Utilities/Other Accounts 

Notices to utilities and other accounts are relevant in the event a solo practitioner or an entire practice terminates or relocates. Aside from utilities, banks are clearly a significant area for review and planning. This should include making sure that access to accounts is controlled, appointing someone to be responsible who can deal with issues, particularly if physician death is the trigger. 

Review should include any subscriptions that the physician may have for magazines and periodicals from memberships in professional societies or other business-related accounts. 

Additionally, if there is an after-hour call service or something similar, the relevant agreement should be reviewed and the termination coordinated with the service.

Post Office 
Notice should be given to the post office for any change of address and/or mail forwarding.

Review all Professional Agreements 
One of the first steps for a physician should be to carefully review all professional related agreements, particularly any employment agreement or shareholder agreement if the physician is a shareholder in a professional association.
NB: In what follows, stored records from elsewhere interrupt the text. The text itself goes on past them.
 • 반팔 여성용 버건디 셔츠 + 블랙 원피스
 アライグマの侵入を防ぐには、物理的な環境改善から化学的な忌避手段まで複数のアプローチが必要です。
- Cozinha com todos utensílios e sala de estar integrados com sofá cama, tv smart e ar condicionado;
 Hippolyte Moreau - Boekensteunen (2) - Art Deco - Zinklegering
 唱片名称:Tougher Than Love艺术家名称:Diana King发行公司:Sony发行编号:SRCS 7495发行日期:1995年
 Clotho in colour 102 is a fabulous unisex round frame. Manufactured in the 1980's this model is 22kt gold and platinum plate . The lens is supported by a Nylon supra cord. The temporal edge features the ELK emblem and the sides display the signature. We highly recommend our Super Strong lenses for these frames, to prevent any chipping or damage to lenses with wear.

Items to look for/consider include the following: 

  1. Required notice to the practice of intent to leave or retire 
  1. Non-competition and non-solicitation provisions 
  1. Medical records ownership
    and transfer 
  1. Notice to patients 
  1. Insurance, in particular issues related to tail coverage 
  1. For shareholders, transfer of shares, both the process and valuation. What notice is required? How will shares be valued? What is the timing of the buyout? 
  1. Did the physician sign any guarantees on loans for equipment, operations, real estate, or otherwise?

Winding Down anyProfessional Entity 
Physicians should assess if a professional entity, for example, a professional association or “PA,” needs to be shut down, or as the laws refer to the process, wound down and terminated.  If applicable, winding down and termination of a professional entity is a multi-stepped process that involves filing with two different agencies in Texas: the Texas Secretary of State and the Texas Comptroller. Parties will need to address tax issues and more than likely involve an accountant, preferably one who is already familiar with the practice.   In fact, the entity must file a certificate of account status from the Texas Comptroller indicating that all its taxes have been paid and it is in good standing with the Comptroller as part of the package of documents that must be filed with the Texas Secretary of State (SOS).  A certificate of termination must be filed with the SOS.
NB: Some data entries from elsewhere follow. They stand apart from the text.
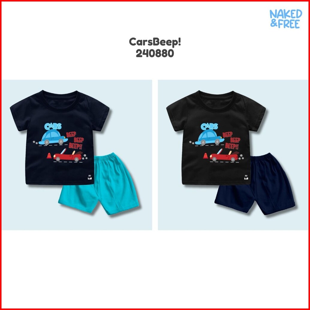 Naked Free Setelan Pendek Bayi Anak Laki-laki Boys Series Excavator Beep Beep Bahan Katun 30s
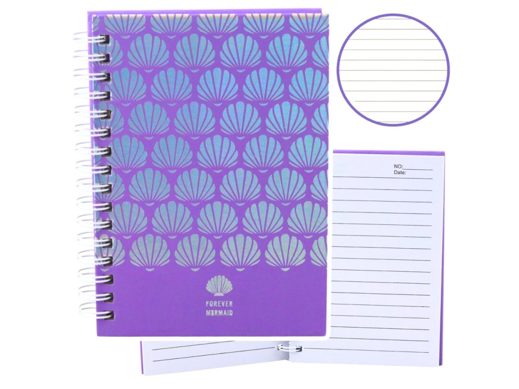 - Notýsek v liniích A6 holografický mušličky fialový 80 listů Moderní notýsek ve formátu A6 s efektní, holografickou obálkou zdobenou mušličkami je skvělou volbou pro každého, kdo si cení estetiky spojené s praktičností
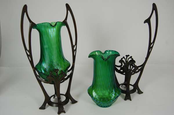 each green glass vase of shaped bottle form, with iridescent wash and latticed patterning, held in a bronze frame cast as stylised fruiting whiplash foliage, (one vase lacking one handle) (2)
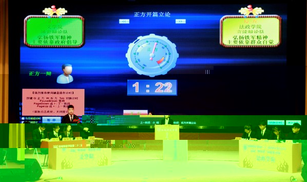 比賽開始前,一則宣講鐵軍精神的暖場視頻讓在場觀衆傾聽曆史回響,堅定前行方向。辯論賽共設置立論陳詞、攻辯階段、攻辯小結、自由辯論和總結陳詞五個環節。比賽正式開始,雙方就“弘揚鐵軍精神,主要依靠政府倡導還是群衆自覺”這一辯題展開激烈的辯論。辯論場上你來我往、旁征博引,隊員們據理力争,妙語連珠,一展時代青年的精神風貌。在理性與邏輯火花的碰撞中,智慧被點亮。直至辯論結束,仍是意猶未盡。期間觀衆互動、節目表演等環節為大賽營造了良好氛圍。
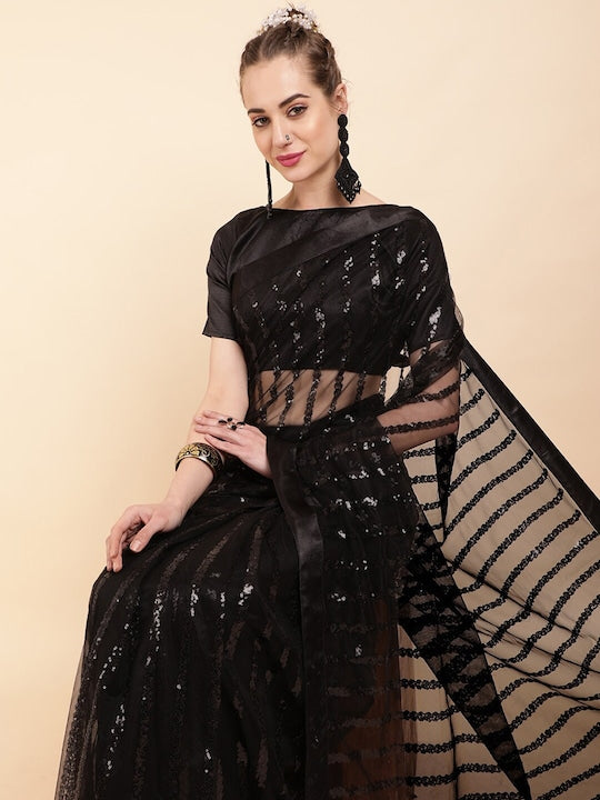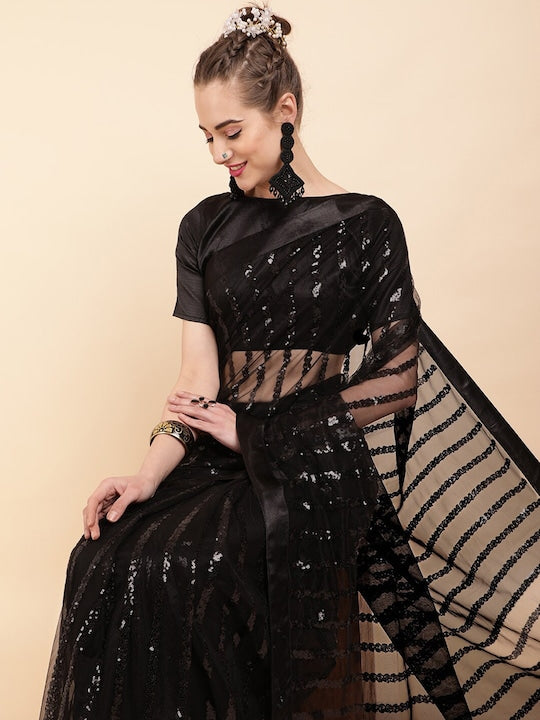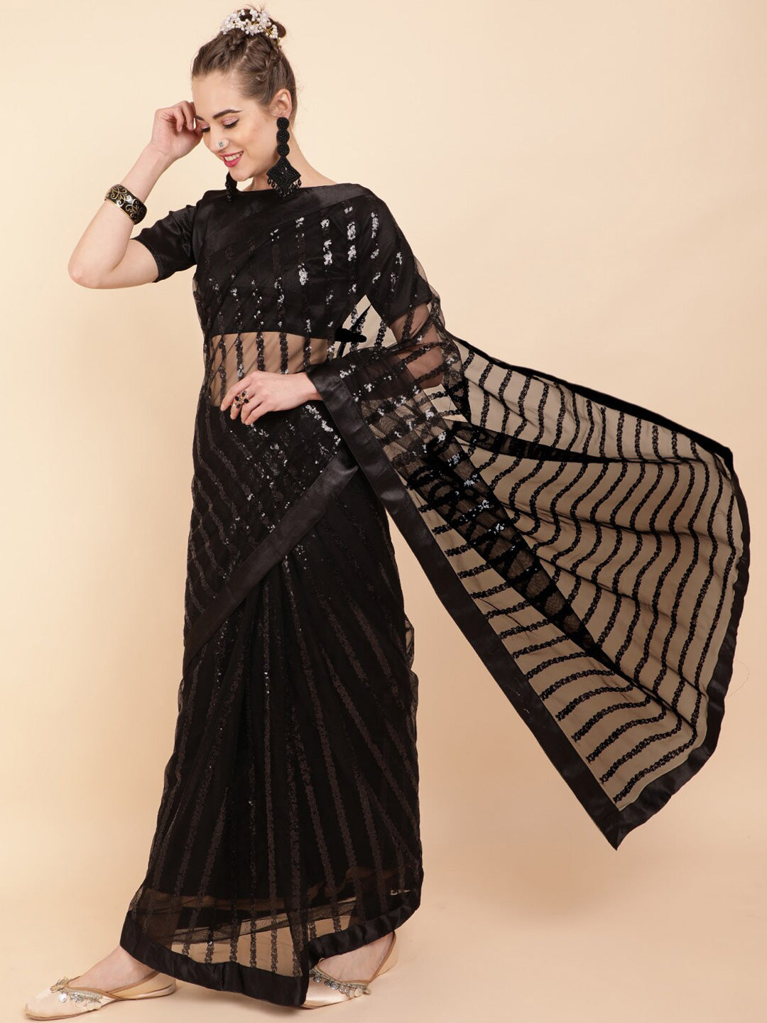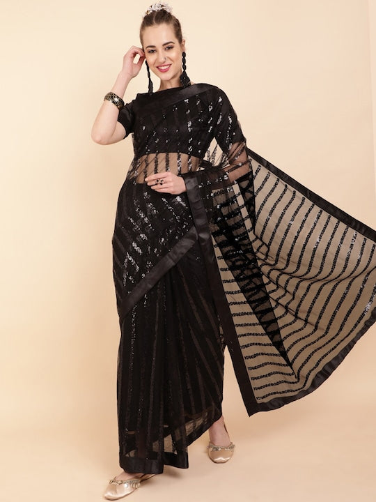 • Disclaimer: The saree comes with an unstitched blouse piece; the blouse worn by the model could be for modeling purposes only. Please refer to the image of the actual blouse piece.
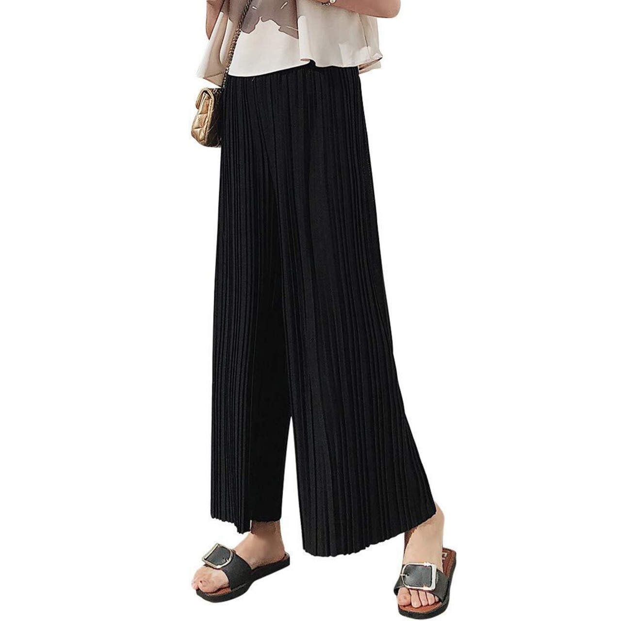 【ファンション感満点】美ドレープが魅力のスタイリング。このプリーツガチョウパンツをプラスするだけでトレンド感なスタイルに。 スカートのようでパンツだから歩きやすく、軽やかに揺れるスカートが繊細で女性らしい印象を与えます。
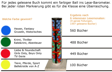 Für jedes gelesene Buch durften die Kinder einen farbigen Ball in ihr Klassen-Lesebarometer werfen. Je nach Thema hatte der Ball eine andere Farbe. Welche gewinnt wohl?

Additionally, state law requires that an entity that is winding down have a dissolution plan which addresses how claims and assets will be dealt with and distributed, and that dissolution plan must be approved as required by law. 

If there was an assumed name, that name will need to be released by filing a form with the SOS.

Licenses 
If the provider had any x-ray equipment or other equipment that required a license, the relevant licenses will need to be addressed and notice provided to the appropriate licensing agency, the Texas Department of State Health Services. 

Any wall licenses displayed should be stored in a secure location to help prevent fraud. 

Other 
Physicians should consider the tax consequences and financial issues associated with retirement and/or relocation, such as whether there are any outstanding loans (e.g., equipment, real property, other) and whether any real property has liens associated with it. Final tax returns will be required if the entire practice is closing. 

Conclusion 
In summary, there are a myriad of issues that physicians need to consider in advance of any planned retirement or relocation, and the help of other professionals is highly advised, from tax advisors to accountants and attorneys. Particularly when reviewing agreements, having someone versed in the lingo and contract law will reduce confusion and/or frustration and time.